Art of learning: Take a test

The research found that students who read a passage, then took a test asking them to recall what they had read, retained about 50 per cent more of the information a week later than students who used two other methods.

One of those methods—repeatedly studying the material—is familiar to legions of students who cram before exams. The other—having students draw detailed diagrams documenting what they are learning—is prized by many teachers because it forces students to make connections among facts. These other methods not only are popular, the researchers reported, they also seem to give students the illusion that they know material better than they do.

In the experiments, the students were asked to predict how much they would remember a week after using one of the methods to learn the material.
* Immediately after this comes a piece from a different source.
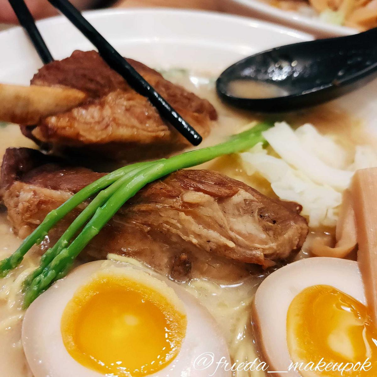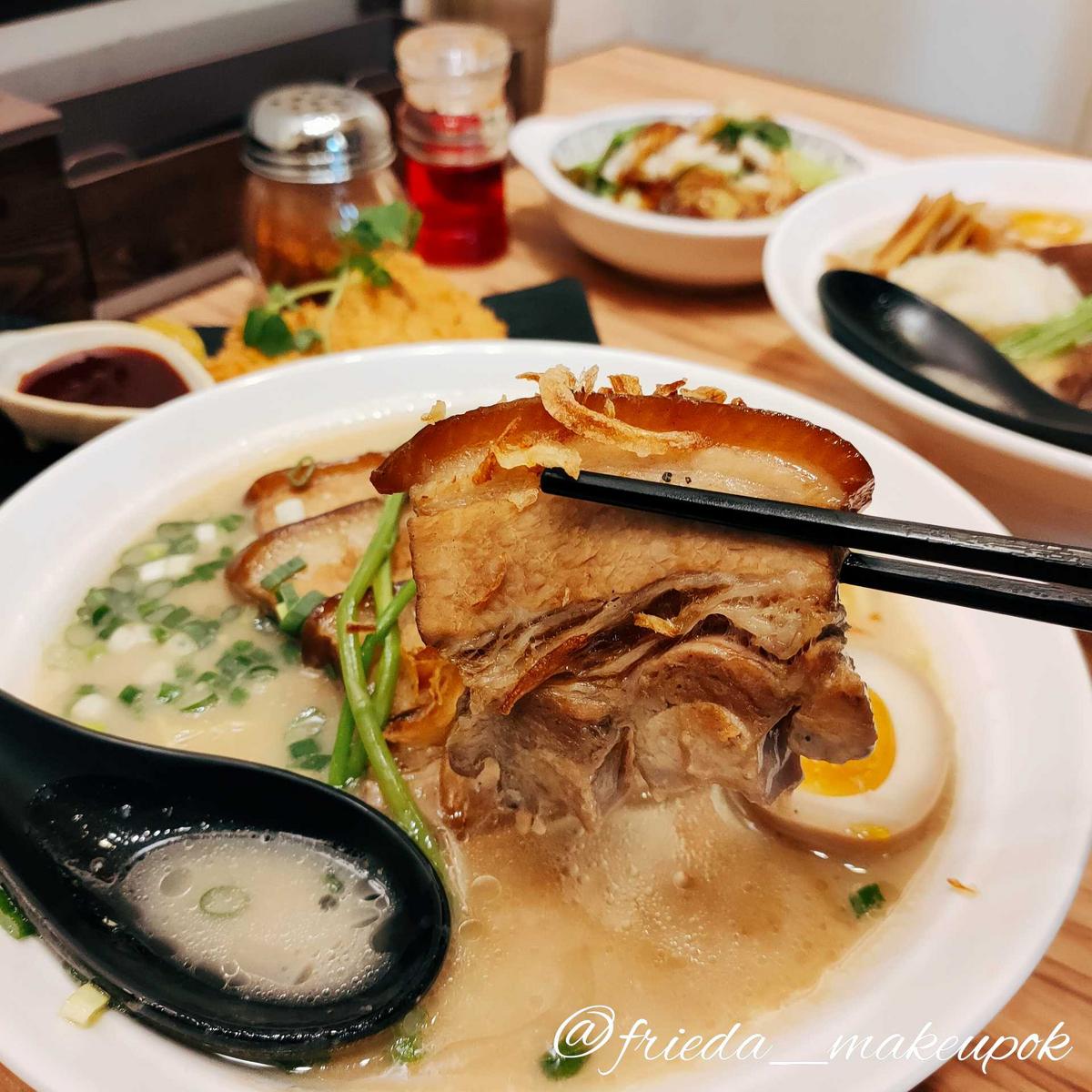 肥嫩五花肉一上桌,直接澎派華麗登場,那Q彈又油亮的色澤,等不及想大口咬一波XDD,不得不說厚度誠意十足呢!湯頭我們的選黃金比例,再看看碗中其他好料,直接送一顆糖心蛋捏~真是阿撒立,,細麵的嚼勁與彈性也非常剛好,醇濃的湯底讓整碗的美味更加深刻~

Those who took the test after reading the passage predicted they would remember less than the other students predicted—but the results were just the opposite.

“I think that learning is all about retrieving, all about reconstructing our knowledge,” said the lead author Jeffrey Karpicke, an assistant professor of psychology at Purdue University. “I think that we are tapping into something fundamental about how the mind works when we talk about retrieval.”

The students who took the recall tests may “recognise some gaps in their knowledge,” said Marcia Linn, an education professor at the University of California, Berkeley, “and they might revisit the ideas in the back of their mind or the front of their mind.”

When they are later asked what they have learned, she went on, they can more easily “retrieve it and organise the knowledge that they have in a way that makes sense to them.”

The researchers engaged 200 college students in two experiments, assigning them to read several paragraphs about a scientific subject—how the digestive system works, for example, or the different types of vertebrate muscle tissue.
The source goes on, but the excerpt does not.